Recomendando que o mesmo seja preenchido com auxílio da família (esposa, filhos, pais), que podem ter impressões um tanto diferentes das que tem o entrevistado. O texto oferece questões simples que nos dão uma idéia da compreensão da palavra, da adição de tons não verbais, do handicap e da incapacidade auditiva.

As perguntas são de fácil compreensão (ex: Percebe o barulho da porta que se abre quando você está dentro da sala, mas de costas para ela?) e as respostas invariavelmente, são as mesmas (nunca, às vezes, freqüentemente ou sempre).

Conquanto seu valor, como base documental, possa ser discutível, acreditamos que se trata de uma manobra capaz de fornecer importantes subsídios e servir como inestimável auxílio na elaboração do diagnóstico.



8. Impressões do examinador

Acreditamos que, quando um otorrinolaringologista realiza a anamnese por solicitação do serviço médico da empresa, especialmente quando fazem-se necessários uma avaliação mais profunda e um relatório completo do caso, o especialista deveria colocar suas impressões sobre o texto obtido, atribuindo determinados valores a alguns quesitos básicos que serviriam de orientação ao médico do trabalho.

Questões relacionadas à ética e à segurança tornam, de certa forma, polêmica esta afirmativa. O encaminhamento destes quesitos, juntamente com o restante do documento, pode transformar-se numa fonte de dissabores para o otorrinolaringologista.

De qualquer forma, antes de concluir nossa anamnese, por orientação do colega Everardo A. da Costa, respondemos, podendo ocasionalmente utilizar, os quesitos seguintes:

1. Fez leitura orofacial?

2. Pediu para repetir?

3. Usou apoios auditivos? (Inclinou-se, aproximou-se, manteve a mão em concha etc.)

4. Teve dificuldades para entender e para responder durante a entrevista?

5. Apresentou respostas prontas e, aparentemente, ensaiadas?

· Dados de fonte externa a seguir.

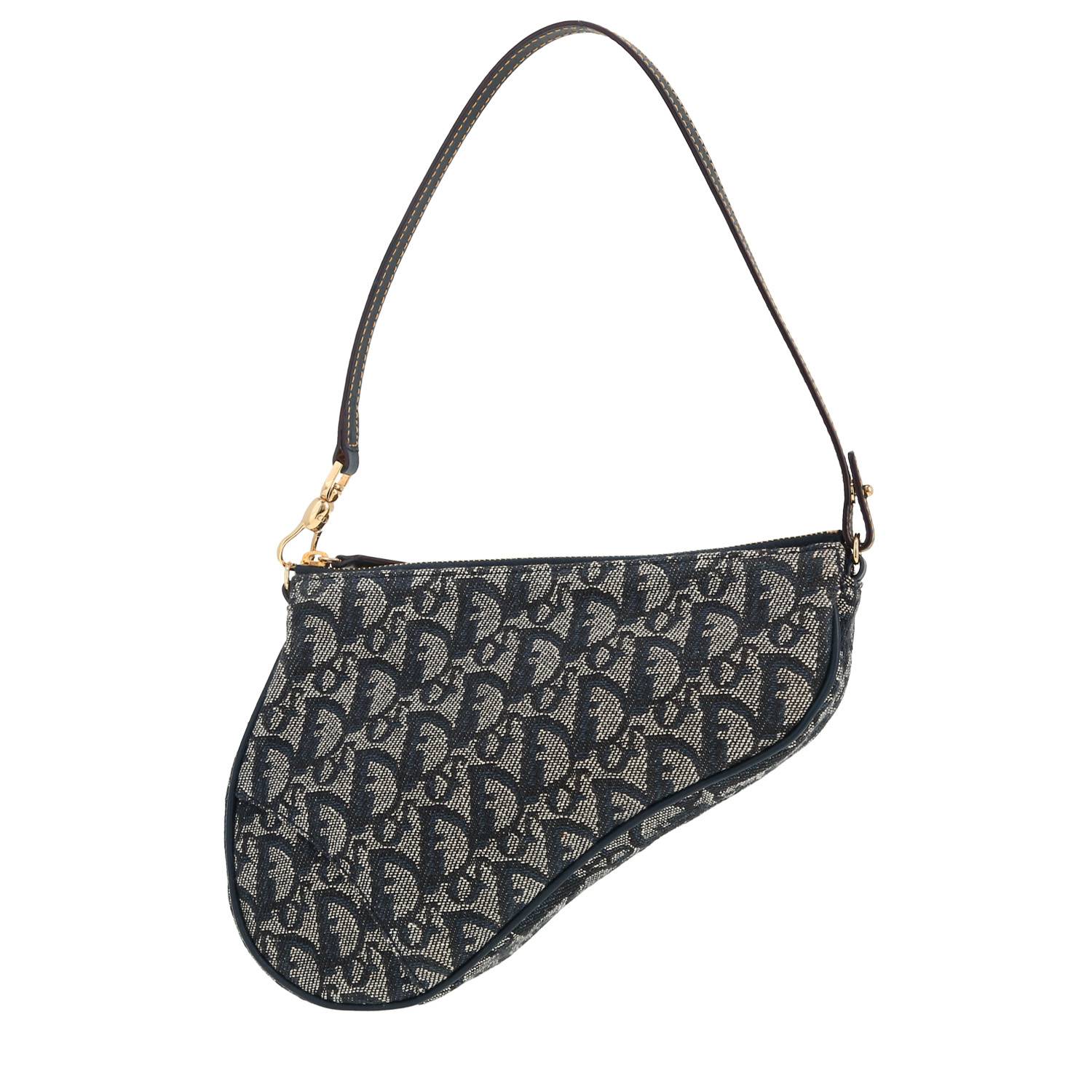Inconfundible bolso/bolsito Dior Saddle de lona Monogram Oblique azul y gris y cuero azul marino, adorno en metal dorado, asa sencilla de cuero azul marino para llevar en la mano o al hombro.

6. Exibiu alterações na qualidade vocal ou de padrões articulatórios?

7. Suas informações foram consideradas consistentes?

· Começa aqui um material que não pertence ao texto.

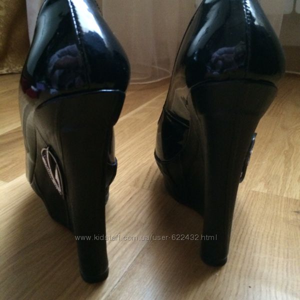 Продам шикарные черные туфли из натуральной лакированной кожи,на танкетке ,открытый носок.на танкетке декор в виде броши из камней(все камни на месте ).По стельке 24,5см,танкетка 14см.Обувала пару раз .В отличном состоянии(нет ни зарапенки)Другие объявления продавца

9. Referências bibliográficas



1. BRASIL. Portaria n° 24, de 29/12/1994 - NR-7 - Programa de Controle Médico de Saúde Ocupacional. (D.O.U. 30/12/1994).



2. COMITÊ NACIONAL DE RUÍDO E CONSERVAÇÃO AUDITIVO. Boletim n° 4 - Recomendações para avaliação dos prejuízos ocasionados pela perda auditiva induzida pelo ruído. In PAIR - Perda Auditiva Induzida pelo Ruído, Nudelmann et all. Ed. Bagaggem Comunicação Ltda, Porto Alegre, 1997.



3. HÉTU, R.; LALONDE, M.; GETTY, L. Psycosocial disadvantages associated with occupational hearing loss as experienced in the family. Audiology. 26: 141-152, 1987.